This post is the first in a series about implementing the DES encryption algorithm in CDL. Despite it's obsolesence, the DES algorithm is relatively straightforward to implement in software and I think it will be a good way to dig into learning Verilog. This post covers the first part of the algorithm, generating the round keys from the user provided key. I used this excellent page as a reference for the DES algorithm and for checking my work.

Disclaimer: I am a complete Verilog novice. I'm certain there are bad design/bad practice/bugs in this implementation. Eventually I intend for someone knowledgeable to review and critique my work in an effort to improve.

The Key Schedule in Python

Since I still "think" in software, I decided to implement the DES algorithm in Python.

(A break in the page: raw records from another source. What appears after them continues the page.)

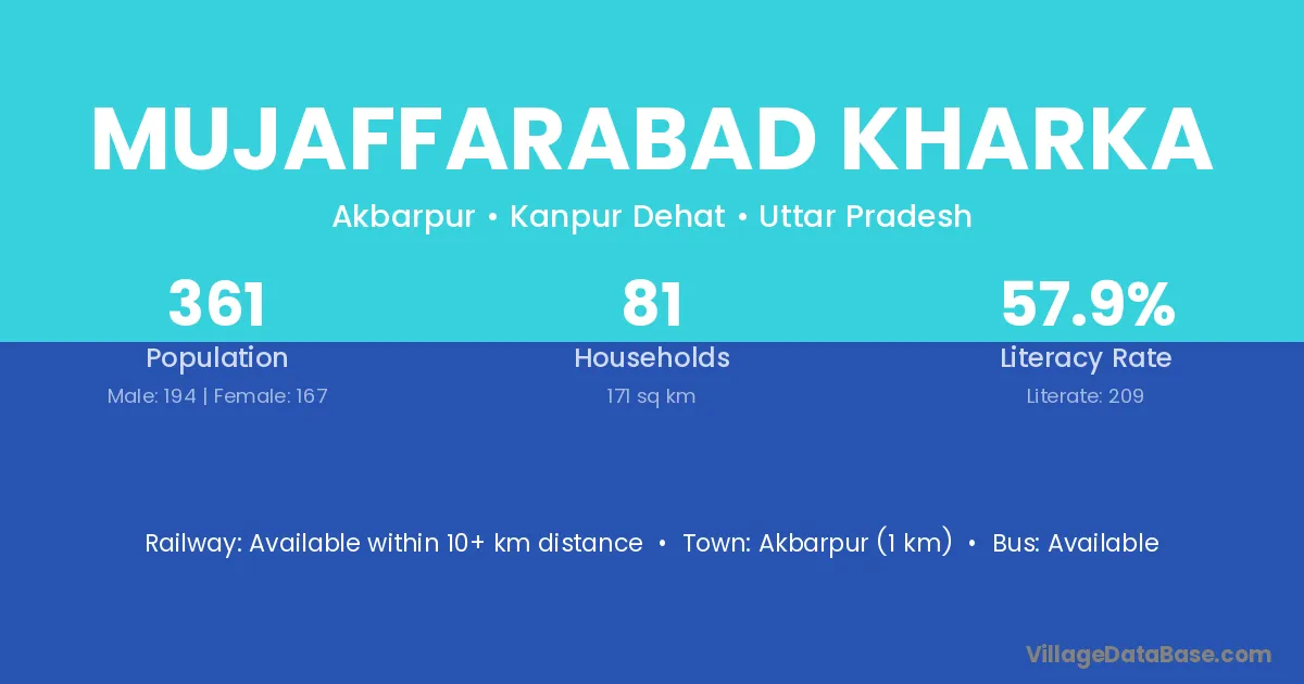 Akbarpur (1 km) is the nearest town to Mujaffarabad Kharka village for major economic activities and is located approximately 1 km away.
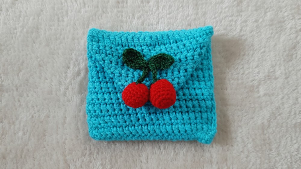 This pattern guides intermediate to advanced crocheters in creating a charming card and coin pouch with a cherry decoration. Follow the steps below to crochet this simple yet elegant accessory.
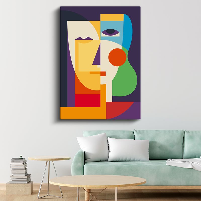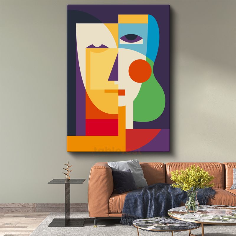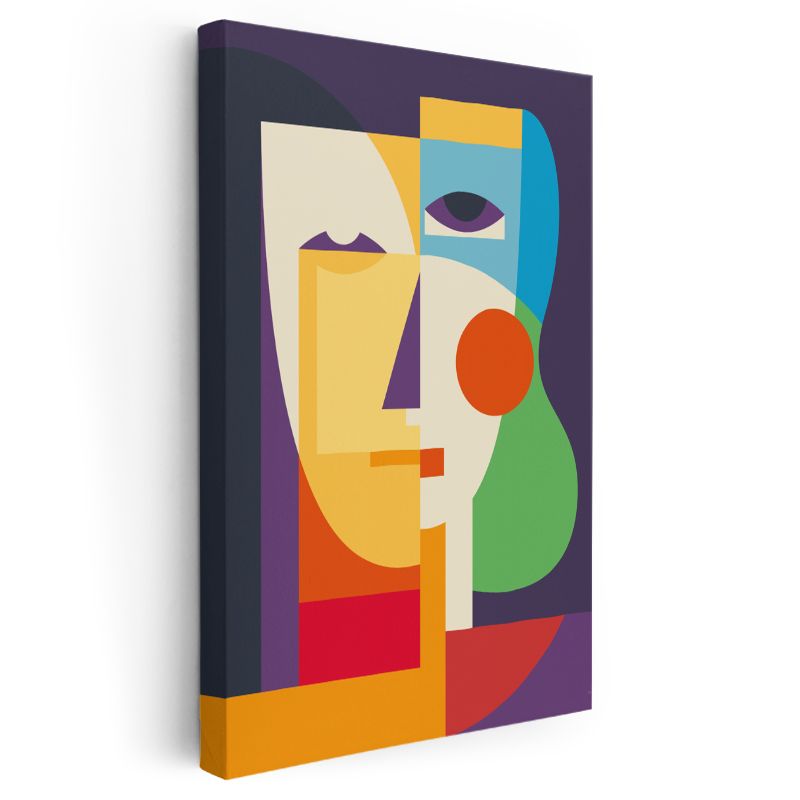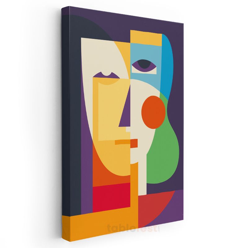 Geometrik Portre - Çok Renkli Kübist Yüz Kompozisyonu Kanvas Tablo
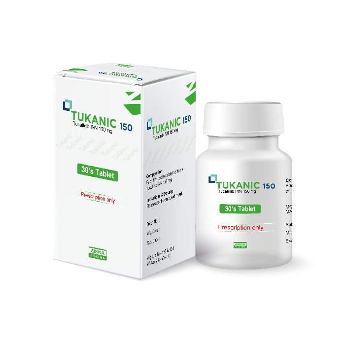 Tukanic (Tucatinib) 150 mg exerts its pharmacological effects by selectively inhibiting the activity of the HER2 protein. By blocking HER2 signaling pathways, Tucatinib inhibits cancer cell proliferation and survival, leading to tumor regression and inhibition of cancer progression.
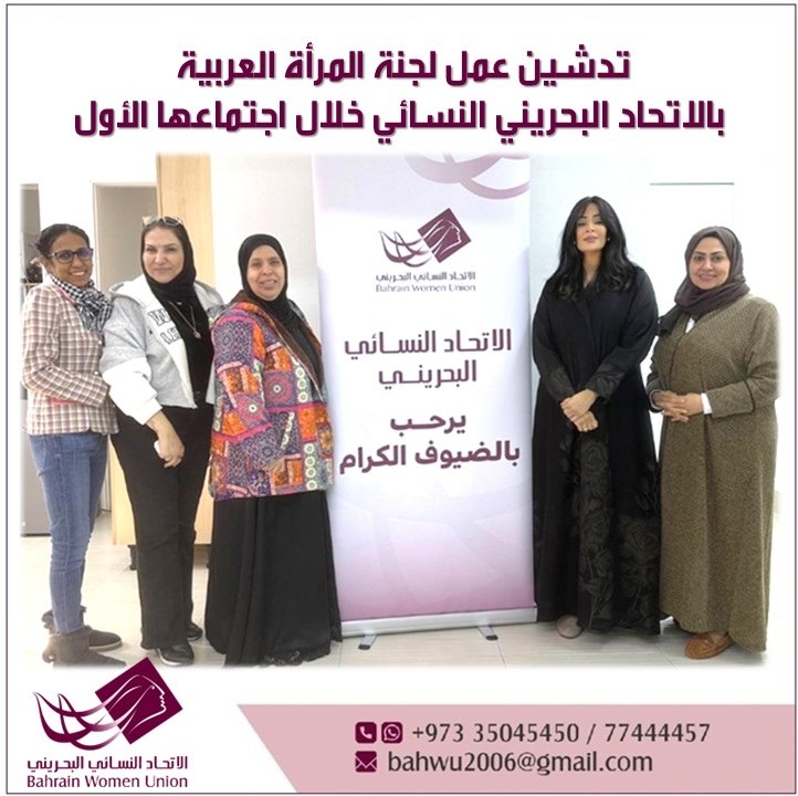 The Arab Women’s Committee of the Bahraini Women’s Union held its first meeting on Wednesday, January 21, at the headquarters of the Bahrain Women Union. Chaired by Dr. Sumaya Al-Jowder, and in the presence of members Professor Fawzia Rabia, Professor Wahiba Abdulrahman Al-Farsi, Professor Zahra Ashkanani, and Engineer Amira Al-Hassan, this was within the framework of launching the work of the committee and discussing its future directions within a common Arab vision.
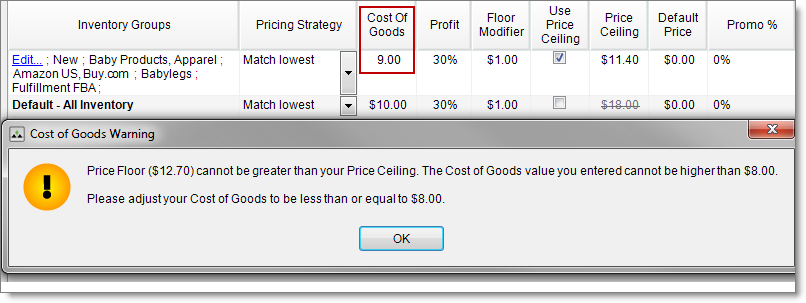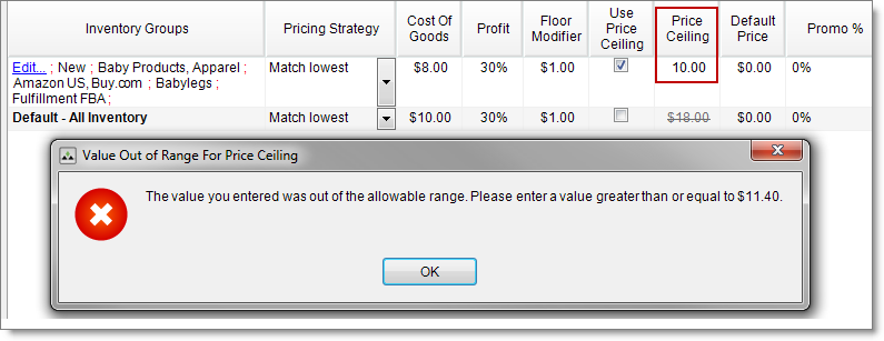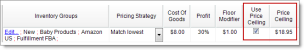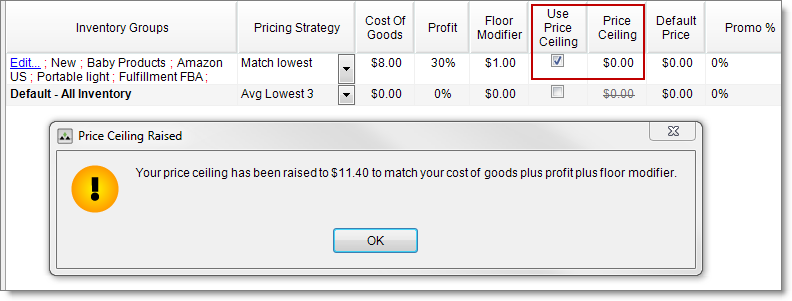 The price ceiling you set up in a custom pricing strategy is a dynamic value. A price ceiling set up on the Settings tab under Inventory Pricing (group level) or on the My Inventory tab (item level) is a fixed monetary amount.
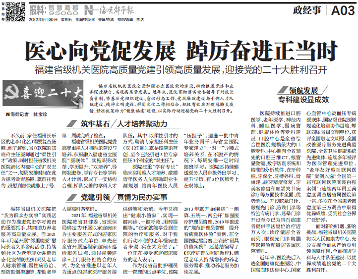 开设省内第一家防跌特色门诊、“双心”门诊,近视防控专科门诊等;完成内镜中心和消化病房一体化改造;承办“福建省老年保健新进展学习班暨国产自拍av 神经病学——睡眠医学学术论坛”;总结编辑、出版《医疗护理员照护教程》。
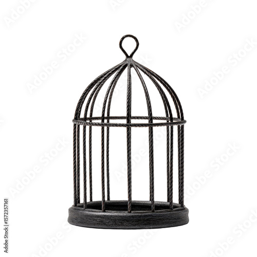 A detailed depiction showcasing an empty birdcage, representing captivity, freedom, and confinement, symbolizing limits and aspirations
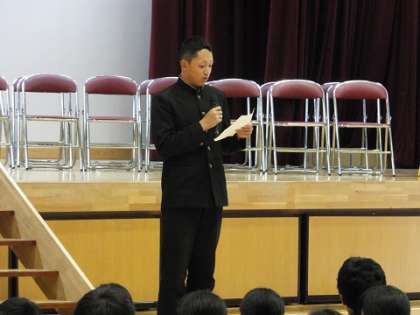 文字通り、生徒187名の代表「6名の生徒会執行部役員」を投票で選びます。社会の縮図である学校社会を当選した執行部できりもりしてもらいます!城向選挙管理委員長の諸注意のあと選管が粛々と演説会を取り仕切りました。当選発表は10/21、任命は25(火)始業式で行います。
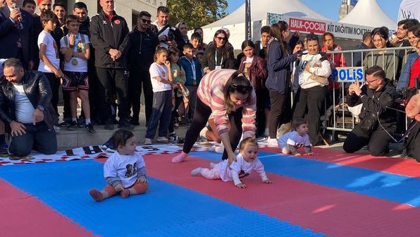 Osmaniye'de Uluslararası Yarı Maraton etkinlikleri kapsamında Devlet Bahçeli Meydanı'nda kurulan parkurda yapılan bebek emekleme yarışında minikler ailelerine ulaşmak için yarıştı; startı Başkan İbrahim Çenet verdi, tüm katılımcılara bisiklet hediye edildi
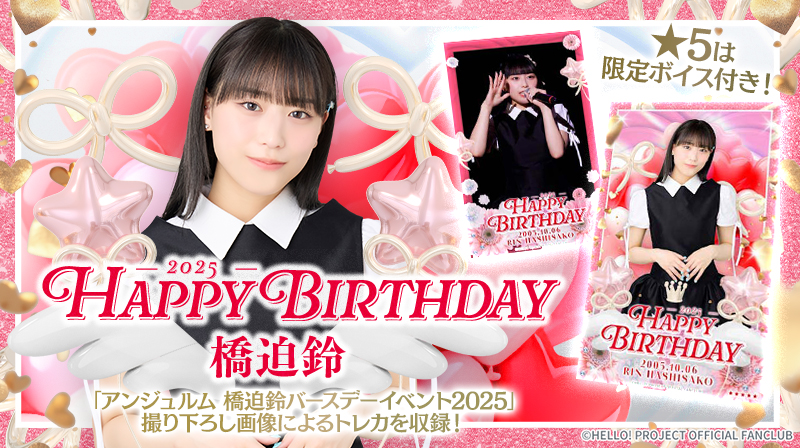 アンジュルム 橋迫鈴バースデーイベント2025の模様を収めた撮り下ろし写真などを含むトレカによるカードパックです。

My thought process here is that the exercise of translating the Python operations to Verilog will give me some intuition into the CDL paradigm while also learning syntax/workflow.

DES requires 16 round keys for each round of operations on a given data block. The round keys are derived from a 64-bit user-provided key. The first step is to select 56 bits (excluding every 8th) and permutate them per a table called `PC-1`. I represented `PC-1` as a list and created a routine to construct the 56-bit key, looking up the bit positions into the user provided key (all keys are represented as arrays of characters for ease of printing, this can be changed later on when needed).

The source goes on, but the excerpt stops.